Deuxièmement et plus important encore, étant donné que cette étude se concentre sur les gouvernements centraux, je devais explorer la relation entre le développement de structures administratives-bureaucratiques et la complexité et l’efficacité des mécanismes de la diplomatie secrète. Le 16e siècle connut plusieurs tendances concomitantes qui élargirent l’influence et la complexité des gouvernements centraux et rendit l’espionnage plus important. L’une fut la montée en puissance de politiques plus importantes qui pouvaient développer et monter des institutions plus complexes pour que les gouvernements centraux atteignent des objectifs politiques.

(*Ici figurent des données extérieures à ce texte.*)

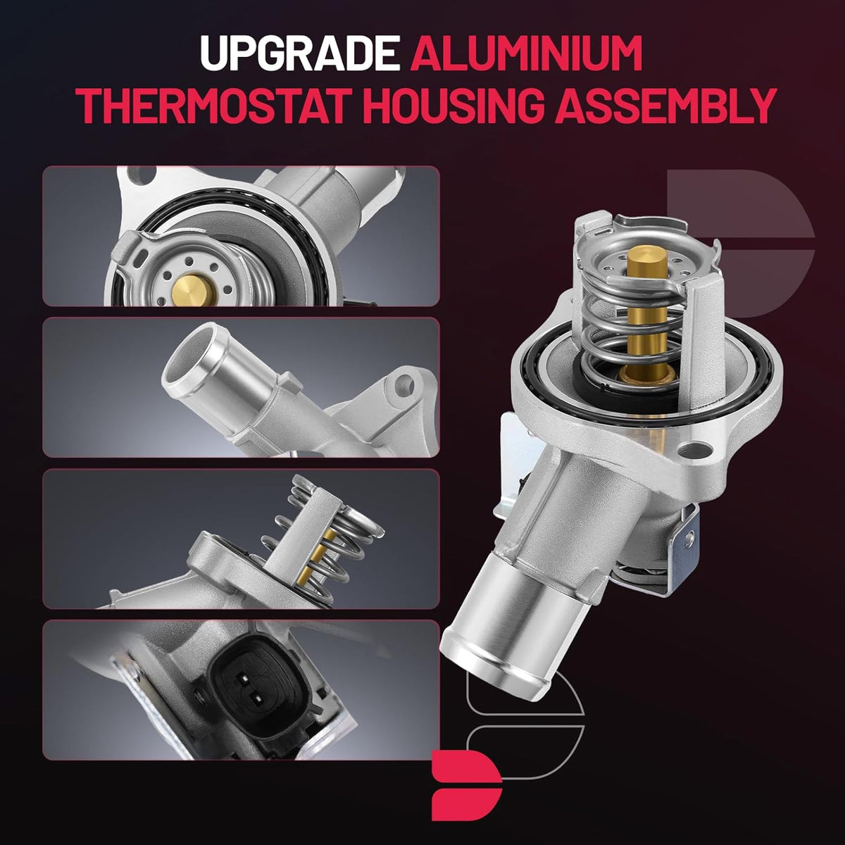 【High Quality Construction】:The upgraded aluminum coolant thermostat housing assembly is made of durable aluminum alloy, which provides greater durability and strength than traditional plastic housings, reducing the risk of cracking.

Certains sous-produits de la bureaucratisation et de la centralisation tels que la mise en place de services postaux fiables, la nomination d’ambassadeurs résidents et le développement des techniques de stéganographie, d’analyse cryptographique et de cryptographie contribuèrent au développement de mécanismes de collecte d’informations et par conséquent augmentèrent l’importance des efforts de contre-espionnage pour les décideurs politiques. Ce processus de bureaucratisation et d’institutionnalisation apporta un autre avantage à notre étude ; à partir du milieu du 16e siècle, les premiers états modernes produisirent plus de documentation qui améliora la qualité de l’analyse historique. Les archives ottomanes et européennes consultées pour cette étude produisirent peu de documentation avant le milieu du 16e siècle. La quantité de documentation pertinente suffirait, ni en qualité ni en quantité, pour tirer trop de conclusions.

 

Le 16e siècle apporta d’importantes responsabilités politiques aux Ottomans. La longueur et la portée de la guerre Ottomane-Habsbourg et Ottomane-Safavide convainquirent les Ottomans de développer leur diplomatie secrète en établissant un réseau de renseignement dans une grande géographie afin de fournir au gouvernement central des informations régulières. Néanmoins, dans la guerre d’information entre les Ottomans et leurs rivaux, le succès de la collecte d’informations ottomanes était lié à l’efficacité du contre-espionnage ottoman, une composante importante des services secrets ottomans. Pour gagner un avantage dans la politique de l’information, les agents de la diplomatie secrète ottomane durent refuser à l’ennemi un confort qu’ils recherchaient pour leurs maîtres : l’accès aux informations sur l’adversaire.